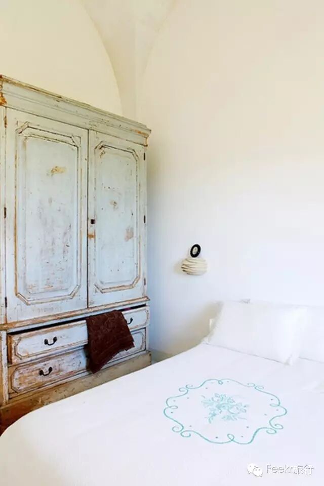 ▲富有年代感的柜子和床单上的印花相得益彰。
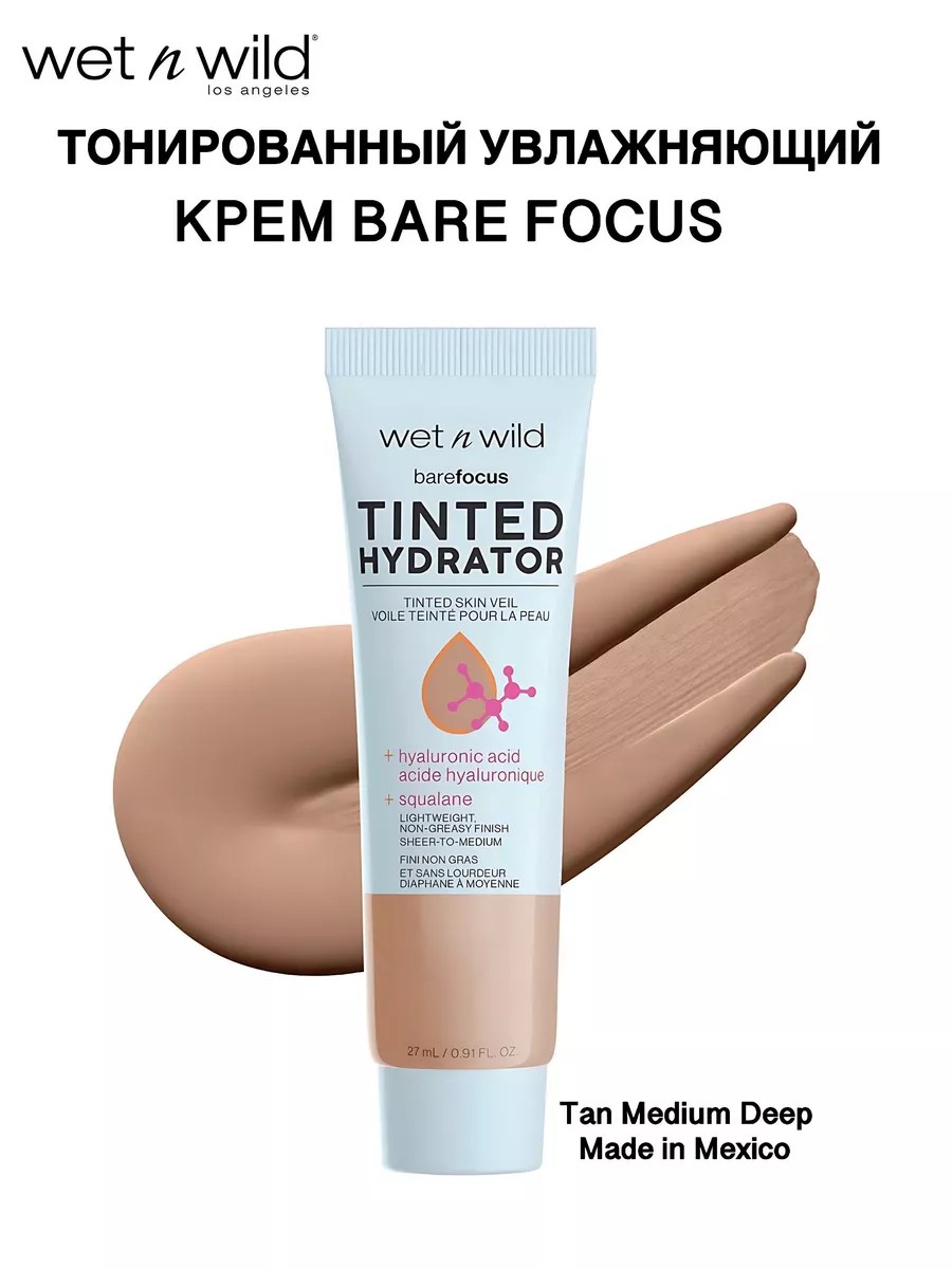 Wet n Wild Bare Focus Tinted Hydrator Tinted Skin Veil 1114091— это увлажняющий тонирующий крем с гиалуроновой кислотой и веганским скваланом, который подарит вашей коже увлажнение и совершенный вид!
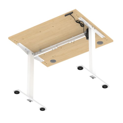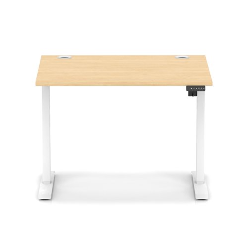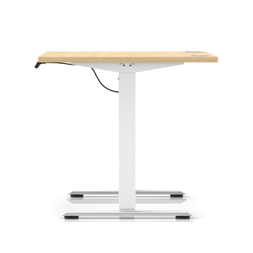 Air Lite 1000 x 800mm Height Adjustable Office Desk Maple Top Cable Ports White Leg
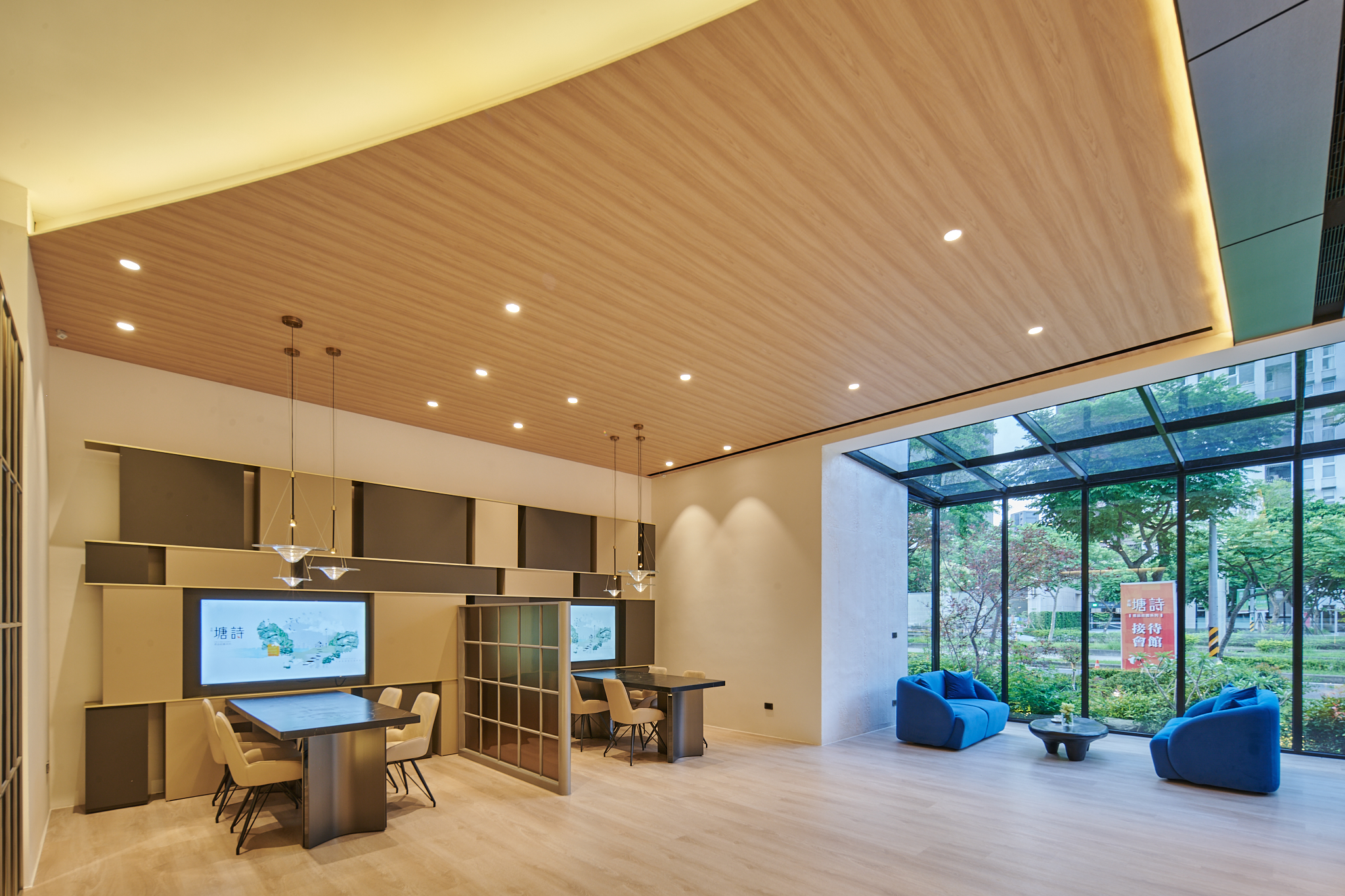Materials include rammed earth, mineral panels, cast-in-place concrete, and glass, all in a soft beige and grey palette to reflect the surrounding natural terrain. The high-ceilinged space integrates front-to-back ventilation and a slatted rear entrance to enhance comfort and sustainability. Despite the expansive rooftop, the design maintains a sense of lightness. Whether in sun or rain, day or night, the building responds poetically to Qingpu’s unique cultural and environmental rhythm.

[WORK TO BE COMPLETED]: If pictures appear in the data, omit them and copy all other parts exactly.

[RESULT FOR THIS TASK]:
 ▲富有年代感的柜子和床单上的印花相得益彰。
 Wet n Wild Bare Focus Tinted Hydrator Tinted Skin Veil 1114091— это увлажняющий тонирующий крем с гиалуроновой кислотой и веганским скваланом, который подарит вашей коже увлажнение и совершенный вид!
 Air Lite 1000 x 800mm Height Adjustable Office Desk Maple Top Cable Ports White Leg
Materials include rammed earth, mineral panels, cast-in-place concrete, and glass, all in a soft beige and grey palette to reflect the surrounding natural terrain. The high-ceilinged space integrates front-to-back ventilation and a slatted rear entrance to enhance comfort and sustainability. Despite the expansive rooftop, the design maintains a sense of lightness. Whether in sun or rain, day or night, the building responds poetically to Qingpu’s unique cultural and environmental rhythm.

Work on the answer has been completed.